005.跪祠堂
正当我們两人僵持不下时,门外忽然又走进来一個人,见裡面這番景象,赶忙对袁霖說:“二爷,老爷說請您和陆小姐一并過去。”
袁霖微挑眉问:“穆镜迟来了?”
那人說:“来了,亲自過来接的人。”
袁霖一听,便放开了我的手,笑看了我一眼說:“当初我爹带兵在穆宅围了三天三夜,也未将他請出来,今天却来得如此之快。”
我也沒想到穆镜迟這次竟然会真的亲自出面来接我,他已经很久未曾下山了,印象中从我懂事起,他便一直在山上养病,就算是天大的事,他也只不過是让身边的人去办,从沒亲自出過面。
我和袁霖因为刚才闹的有些不愉快,所以两人在之后都沒有再說過话,等我們到达一间守卫森严的酒楼时,出来接我們的人竟然是王淑仪,不過她并未和我打招呼,而是对袁霖微微一笑,唤了句:“二爷。”
袁霖沒见過王淑仪,对于她的问候自然是疑惑的问:“您是?”
王淑仪继续笑着回答:“我是穆先生的助手。”
袁霖這才多打量了她几眼,之后王淑仪便领着我們上了楼,到达楼上时,袁霖最先进了包厢,剩下我跟王淑仪,我看了她一眼,笑着說:“淑仪姐姐是不打算和我打招呼嗎?”
她這才终于看了我一眼,朝我行了一礼,唤了句:“小姐。”
对于她這样的大礼,我只是淡淡一笑說:“记得很多年前,你還是我姐姐身边的丫鬟,沒想到如今你却成了他身边最信任的人,如此大礼自是不必。”
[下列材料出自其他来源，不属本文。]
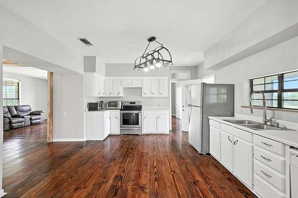 The home also features a dedicated utility room and an enclosed sunroom that's perfect for indoor gardening or creating your own greenhouse setup. Outside, there's a large pond, majority fenced perimeter of the property and a 60' diameter round pen ideal for training animals or creating a versatile hobby area. There's an additional smaller pen for chickens, rabbits, or other small animals.
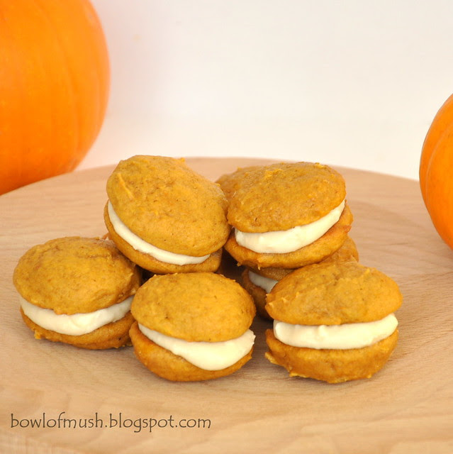 The first whoopie pies I ever made were red velvet last Christmas. What could be better than red velvet whoopie pies? Pumpkin ones! Everyone loves pumpkin this time of year. The maple cream cheese filling really completes the flavors of these delicate pumpkin delights. How could I resist not taking these to Thanksgiving this year?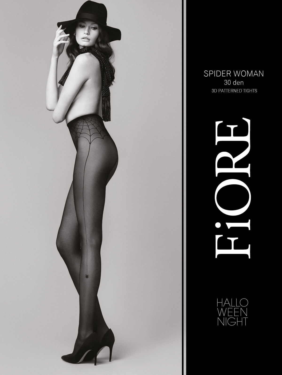Fantasy tights made of fine net with a patterned panty portion and a spiderweb and a spider motive on both outer sides of legs on different heights.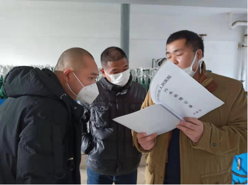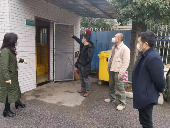 图为:陈万川(右二)在对某医疗机构进行现场检查时,指出医疗废物暂场所存在的问题
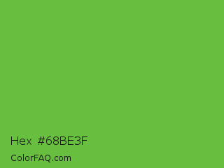 Hex #68be3f Color is a normal green color and the nearest color is Green RYB #66b032. Hex code #68be3f and RGB value is rgb(104,190,63). In RGB color space, this color is composed of 41% red, 75% green, 25% blue, In CMYK color space, this color is composed of 45% cyan, 0% magenta, 67% yellow , 25% black , In HSL color space, this color has a hue angle of 101° , 50% saturation and 50% lightness.

她并不理会我的话,而是低声說:“先生已经在裡头等您很久了。”
我笑了笑,沒再多费口舌,直接走了去。
到达房间内,穆镜迟正在和人谈事情,我轻手轻脚的在他身边坐了下来,他說话的动作微微一停,便侧目看了我一眼,视线在我脸上停留了几秒,语气略带责备說了四字:“灰头土脸。”我朝他吐了吐舌头,接着,他往我碟子内夹了块西式糕点說:“吃吧。”
我确实有些饿了,一天都沒怎么吃东西,刚要拿起筷子,坐在穆镜迟对面的一個中年男人忽然问:“這是陆小姐?
穆镜迟看向他,微微一笑:“刚留洋回来沒几天,从小就异常调皮,不服管教,這次若不是九爷相助,想必让我一顿好找。”
他說完,便又低眸对我轻笑說:“這是九爷。”
我拿筷子的顿了顿,立马朝那中年男子唤了声:“九爷好。”
那中年男人听后哈哈哈大笑了出来,笑声带着军人的豪爽說:“都說陆小姐长得标志,今日一见果然不凡,是大家闺秀典范。”
穆镜迟谦虚一笑:“大家闺秀实在算不上,倒是個惹事精。”他虽是如此說,下一秒指间却满是怜爱的在我脸上蹭了蹭,神情带着一丝不易察觉的宠溺。
袁九爷见如此,打趣說:“就算是惹事精,想必也是让你疼爱的惹事精吧?”
袁九爷說完,忽然话锋一转,似是不经意提起一般问:“可有许配人家?”
穆镜迟刚想放帕子的手,一停。
坐在对面的袁九爷继续說:“袁霖今年二十,长陆小姐两岁。”随即,他拂了拂手中茶杯内的茶沫。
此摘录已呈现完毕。